Elle rêvait d’écrire. Elle n’écrivait guère, croyait qu’elle n’écrivait pas. Elle épousa un écrivain professionnel, crut que cela la dégageait de l’être, Jacques Desbordes, ils avaient les mêmes âges et cette différence d’un quart de siècle qui sépara Camille Claudel d’Auguste Rodin, mais n’y pensa pas. Elle le quitta sans divorcer, et garde son nom de veuve pour publier aujourd’hui. On rassembla ses poèmes en 1986, Sombres, dans la nuit où elles se taisent (Arcanes 17), signés Michèle Marie Denor, ni tout à fait son prénom, ni tout à fait son nom de naissance. Le jour même où le recueil parut en librairie, Michèle Desbordes partait pour la Guadeloupe, et pour un autre homme. Elle y resta huit ans, en revint chargée d’un chat sauvage que les bords de Loire ont vaguement civilisé, d’un amour inordinaire (un mot inventé pour La Robe bleue) pour la mer, qu’on peut partager à la lecture des fragments du Lit de la mer (Gallimard, 2002), et d’un regard ébloui par le bleu que l’on retrouve dans chacun de ses livres. A son retour en 1994, elle demanda qu’on la nomme au bord de la mer, elle obtint la direction de la bibliothèque universitaire d’Orléans, l’eau douce et sauvage de la Loire et le goût de la solitude.

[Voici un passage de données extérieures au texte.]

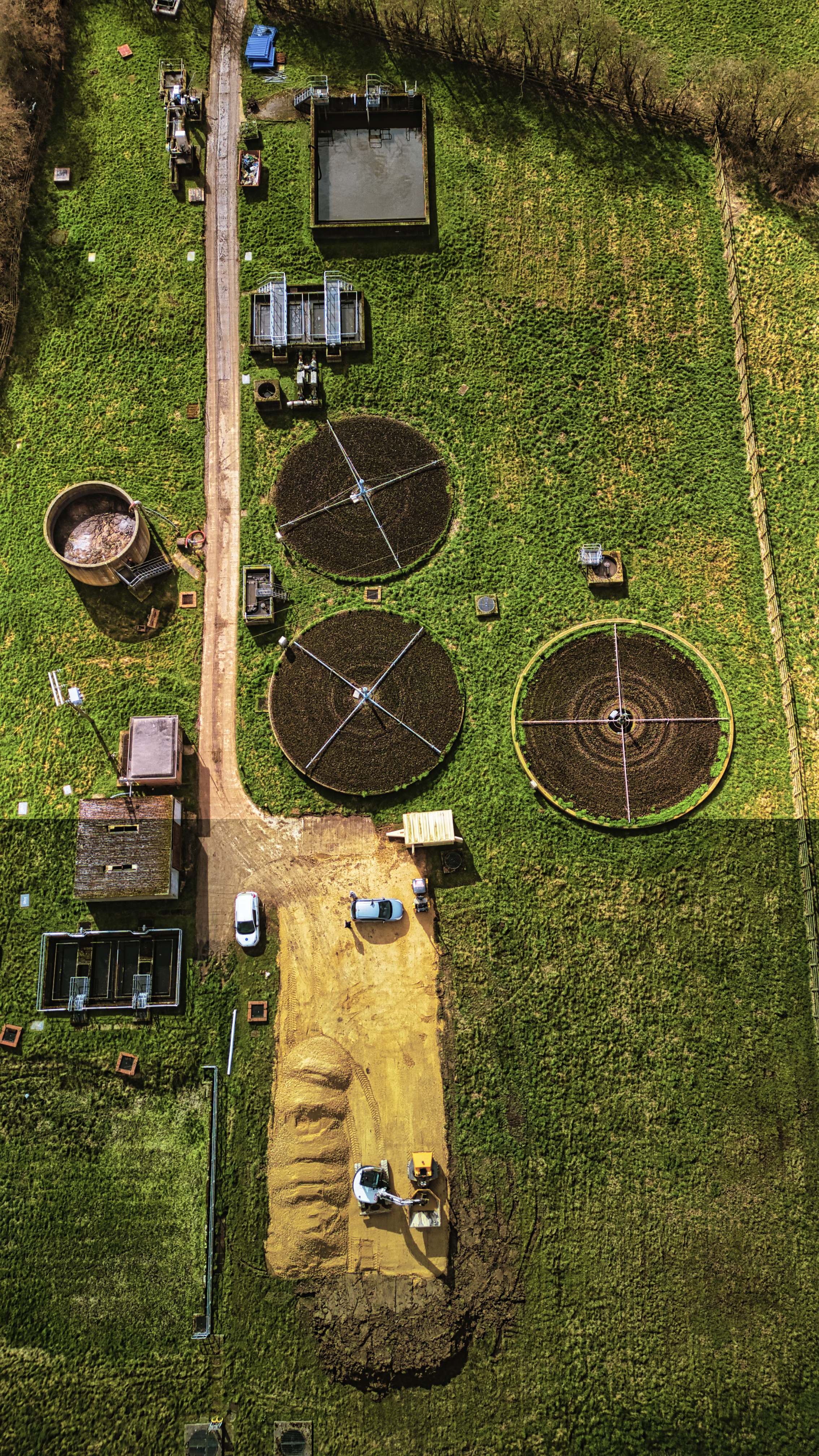 Aerial view of a wastewater treatment facility with circular tanks amidst green fields in North Yorkshire.

« Quand je parle du silence, je sais de quoi je parle, nous dit-elle, j’ai tété le silence. J’ai pénétré dans le romanesque lorsque j’ai compris qu’on pouvait raconter une absence d’histoire. Je parle de l’inaccompli, de ceux qui n’ont pas d’histoire, qui sont le plus souvent sans parole. Dans chacun de mes livres, il y a un rachat, quelque chose qui transforme l’inaction en destin, une rédemption, une épiphanie. Camille attend son frère : il arrive. C’est la coexistence de la marche et de l’immobile. Il y a de la marche dans tous mes livres. Ce sont des vies inaccomplies, Camille est belle, cultivée, intelligente, aimée, aimante, et elle bascule. Je suis opposée à l’idée de dire trop de choses, j’ai commencé à écrire tard, peut-être qu’avant j’aurais écrit autre chose, mais mes petites histoires personnelles, je les ai dites sur le divan, je n’ai plus à les exposer dans les livres. Je peux parler des autres, sans penser à dire ce que sont mes personnages, la distance que je mets entre eux et moi ne les diminue pas, au contraire, elle les grandit, elle en fait des archétypes, des archaïques. Cette distance fait la part du temps, celle de la mort. Camille, recluse pendant trente ans, fait partie de mon univers, le silence et l’immobile. »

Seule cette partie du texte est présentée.